### HOW TO COMPLETE THIS TASK
Reproduce exactly, and only, the lines of the material below running from the line bearing "The basic outline" through the line bearing "Вот такие бывают". Leave any pictures out.

### EXERCISE DATA
::::::::::
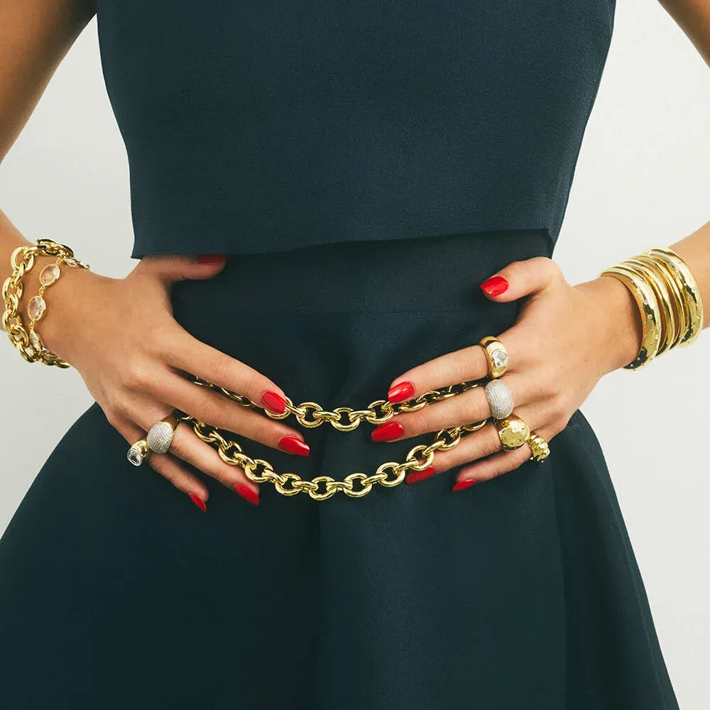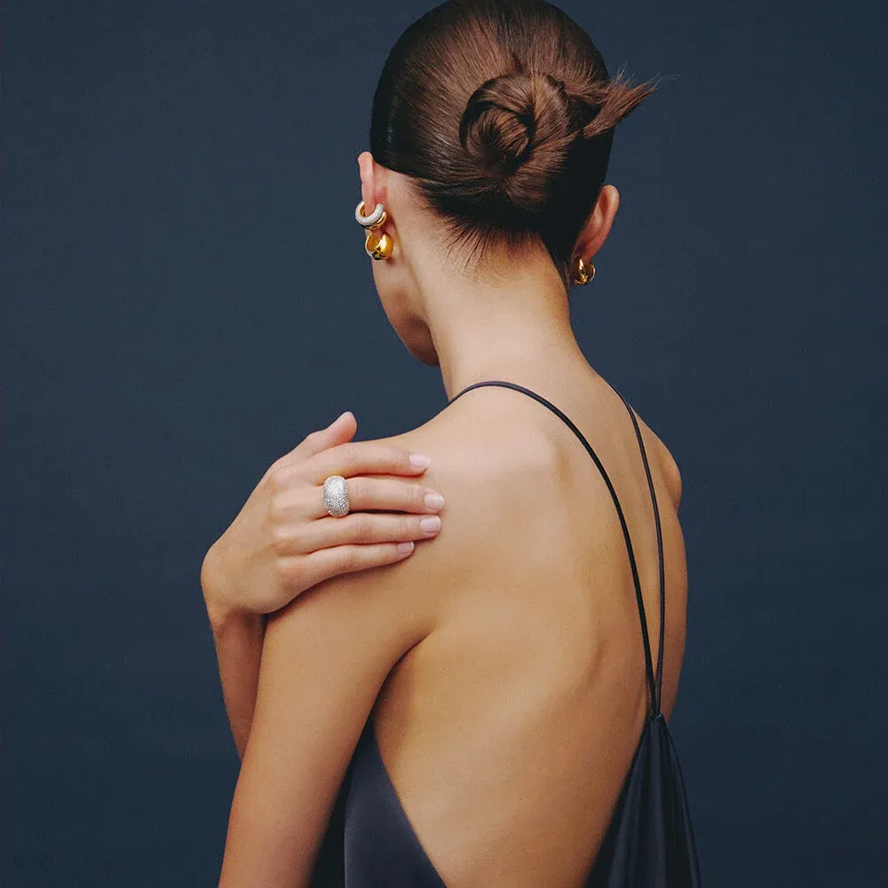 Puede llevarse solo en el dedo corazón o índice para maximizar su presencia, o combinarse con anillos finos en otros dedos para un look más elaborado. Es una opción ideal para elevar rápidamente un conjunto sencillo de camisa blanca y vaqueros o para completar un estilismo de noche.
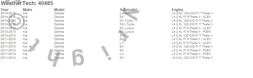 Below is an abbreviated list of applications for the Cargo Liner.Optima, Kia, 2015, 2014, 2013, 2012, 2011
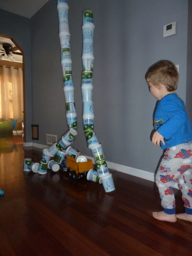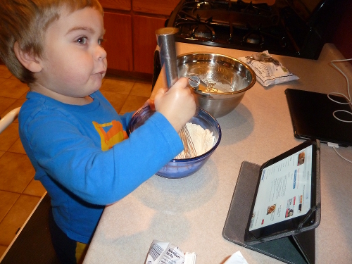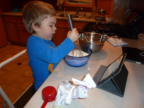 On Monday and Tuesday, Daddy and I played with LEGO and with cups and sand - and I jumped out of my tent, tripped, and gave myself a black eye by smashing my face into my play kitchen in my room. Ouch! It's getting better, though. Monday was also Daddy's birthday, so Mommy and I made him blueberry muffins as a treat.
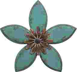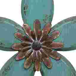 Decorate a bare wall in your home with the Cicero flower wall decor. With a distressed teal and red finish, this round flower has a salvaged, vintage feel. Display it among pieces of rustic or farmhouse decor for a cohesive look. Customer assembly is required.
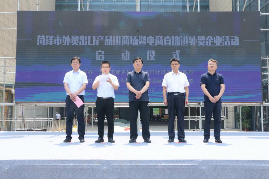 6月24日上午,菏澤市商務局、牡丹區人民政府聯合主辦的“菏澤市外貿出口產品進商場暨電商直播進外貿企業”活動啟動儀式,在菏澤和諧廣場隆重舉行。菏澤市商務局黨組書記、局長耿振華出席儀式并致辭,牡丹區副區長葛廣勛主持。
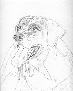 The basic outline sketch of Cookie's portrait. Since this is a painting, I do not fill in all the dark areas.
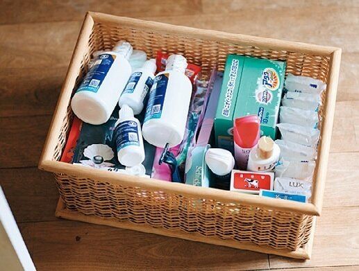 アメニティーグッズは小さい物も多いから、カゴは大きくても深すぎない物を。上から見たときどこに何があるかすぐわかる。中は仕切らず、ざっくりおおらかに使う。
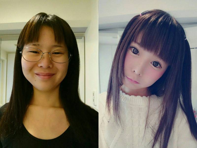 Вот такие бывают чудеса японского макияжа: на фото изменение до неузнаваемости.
::::::::::
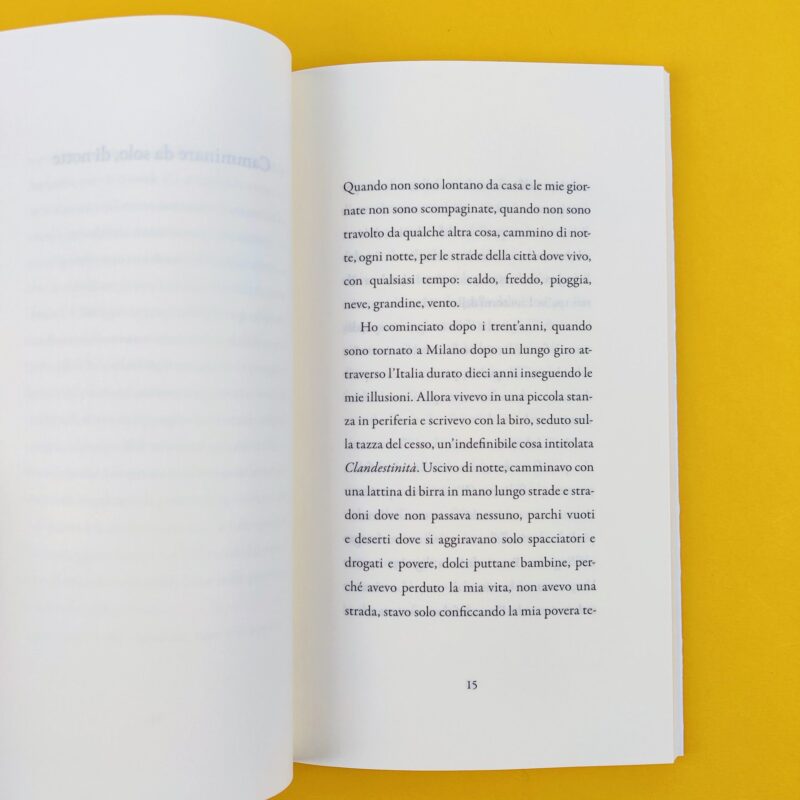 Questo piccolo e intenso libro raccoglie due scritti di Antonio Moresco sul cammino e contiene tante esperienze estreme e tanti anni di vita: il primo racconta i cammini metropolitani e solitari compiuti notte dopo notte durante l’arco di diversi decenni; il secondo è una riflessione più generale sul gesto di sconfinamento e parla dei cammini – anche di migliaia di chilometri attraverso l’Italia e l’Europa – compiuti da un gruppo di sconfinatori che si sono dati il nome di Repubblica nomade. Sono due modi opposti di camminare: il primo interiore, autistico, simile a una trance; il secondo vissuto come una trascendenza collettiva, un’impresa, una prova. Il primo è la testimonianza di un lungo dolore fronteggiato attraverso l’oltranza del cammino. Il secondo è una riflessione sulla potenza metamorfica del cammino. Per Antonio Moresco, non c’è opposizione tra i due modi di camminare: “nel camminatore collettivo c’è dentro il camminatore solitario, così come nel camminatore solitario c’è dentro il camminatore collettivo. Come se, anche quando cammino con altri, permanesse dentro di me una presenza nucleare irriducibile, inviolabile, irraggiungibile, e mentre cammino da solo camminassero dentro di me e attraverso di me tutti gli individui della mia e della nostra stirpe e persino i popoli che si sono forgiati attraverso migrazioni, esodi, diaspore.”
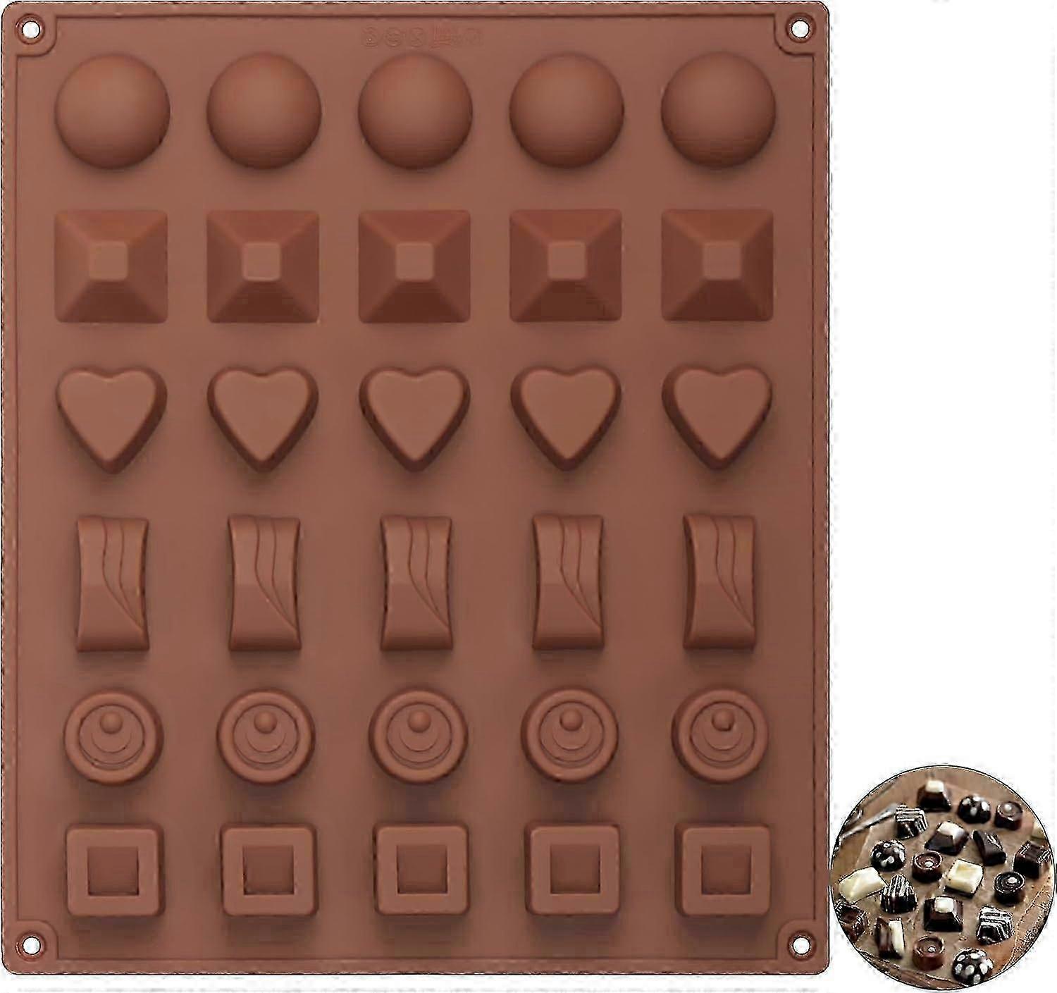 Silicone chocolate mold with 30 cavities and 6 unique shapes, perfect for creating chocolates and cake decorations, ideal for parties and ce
::::::::::
### TASK SOLUTION
 The basic outline sketch of Cookie's portrait. Since this is a painting, I do not fill in all the dark areas.
 アメニティーグッズは小さい物も多いから、カゴは大きくても深すぎない物を。上から見たときどこに何があるかすぐわかる。中は仕切らず、ざっくりおおらかに使う。
 Вот такие бывают чудеса японского макияжа: на фото изменение до неузнаваемости.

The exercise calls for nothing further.